[Opening Data section]

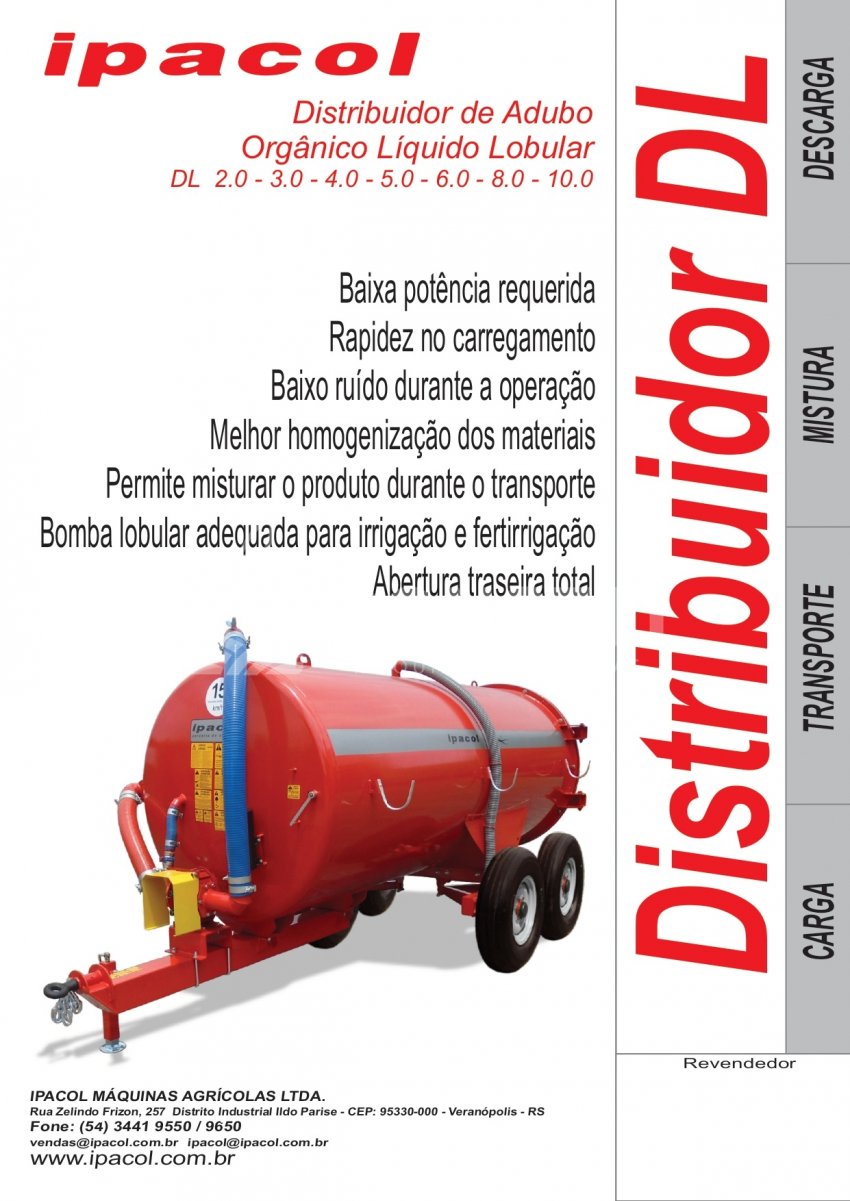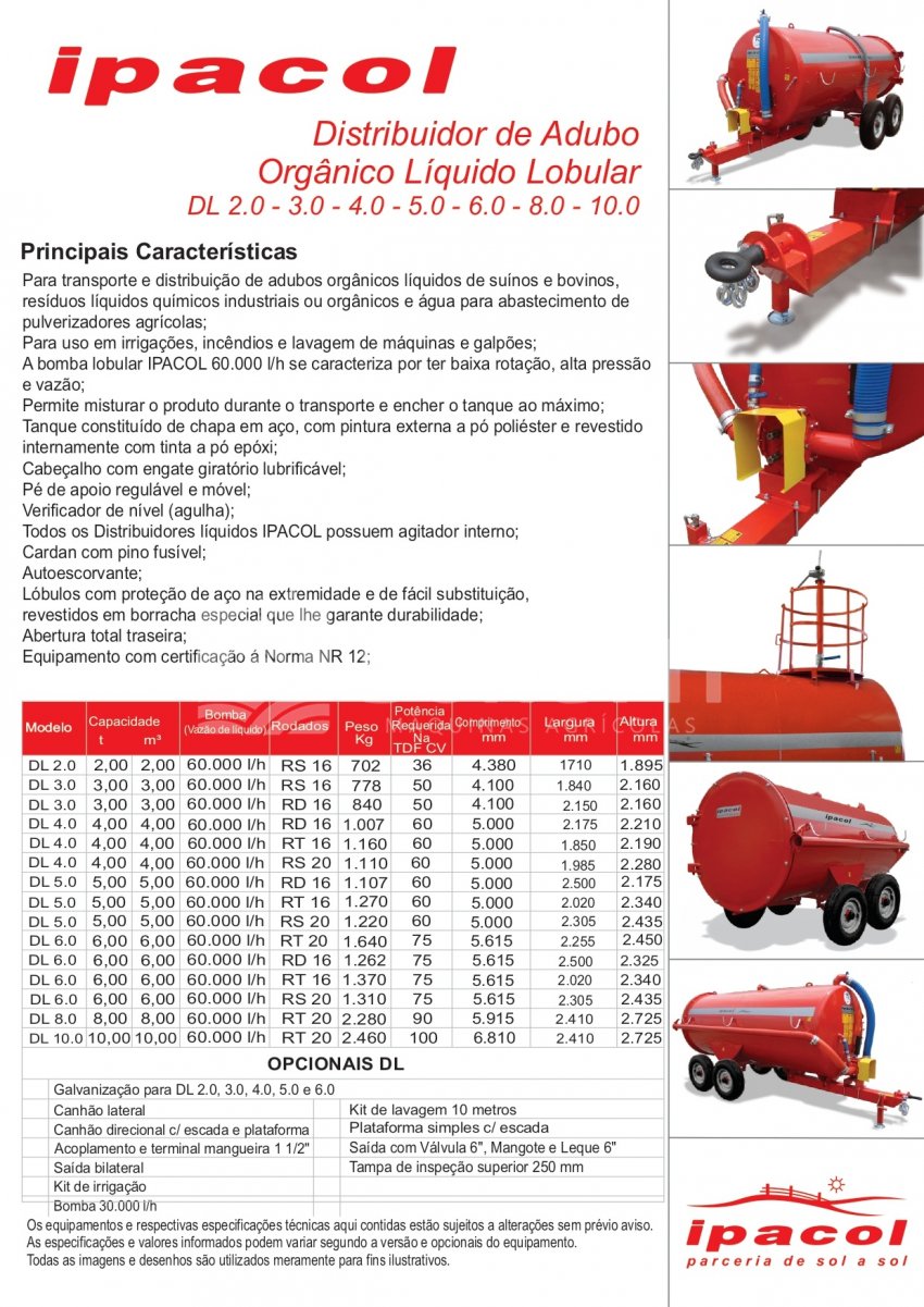 O DL da Ipacol oferece maior comodidade para transporte e distribuição de adubos orgânicos líquidos de suínos e bovinos, resíduos líquidos químicos industriais ou orgânicos e água para abastecimento de pulverizadores agrícolas.
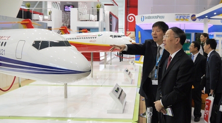 在中國商飛公司展區(qū),蘇波認(rèn)真察看了C919大型客機(jī)混合級布局以及ARJ21-700飛機(jī)混合級、全經(jīng)濟(jì)級、行政機(jī)和公務(wù)機(jī)布局模型,聽取了公司兩大型號的最新研制進(jìn)展、能力建設(shè)、人才隊伍建設(shè)、國際合作、民機(jī)產(chǎn)業(yè)體系建設(shè)等方面情況的匯報。蘇波表示,中國商飛公司成立5年來取得的成績令人鼓舞,工信部將一如既往地支持中國商飛公司的發(fā)展建設(shè),希望中國商飛公司再接再厲、奮力拼搏,爭取早日取得大型客機(jī)項目的成功。
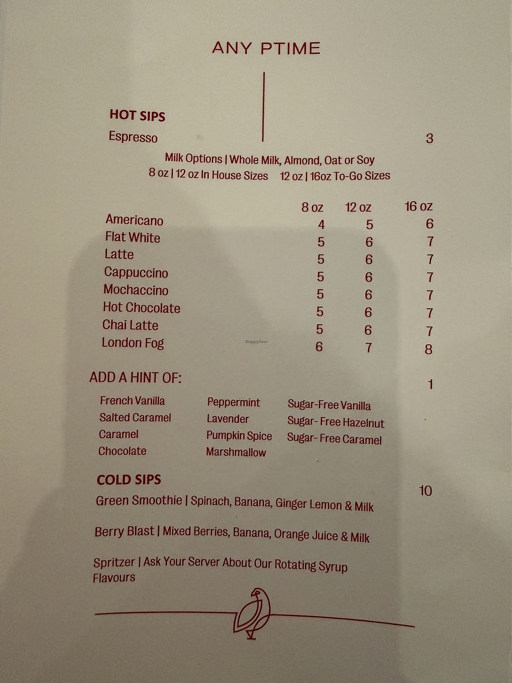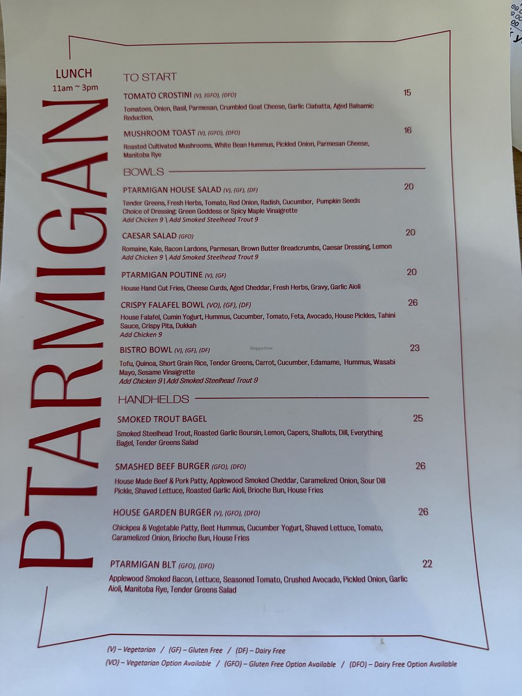 Menu from sister restaurant across the street (Ptarmigan)

[Closing Data section]

▶ _Your assignment_:
Only the pictures are to be left out; repeat all other material exactly.

▶ _Your response_:
 O DL da Ipacol oferece maior comodidade para transporte e distribuição de adubos orgânicos líquidos de suínos e bovinos, resíduos líquidos químicos industriais ou orgânicos e água para abastecimento de pulverizadores agrícolas.
 在中國商飛公司展區(qū),蘇波認(rèn)真察看了C919大型客機(jī)混合級布局以及ARJ21-700飛機(jī)混合級、全經(jīng)濟(jì)級、行政機(jī)和公務(wù)機(jī)布局模型,聽取了公司兩大型號的最新研制進(jìn)展、能力建設(shè)、人才隊伍建設(shè)、國際合作、民機(jī)產(chǎn)業(yè)體系建設(shè)等方面情況的匯報。蘇波表示,中國商飛公司成立5年來取得的成績令人鼓舞,工信部將一如既往地支持中國商飛公司的發(fā)展建設(shè),希望中國商飛公司再接再厲、奮力拼搏,爭取早日取得大型客機(jī)項目的成功。
 Menu from sister restaurant across the street (Ptarmigan)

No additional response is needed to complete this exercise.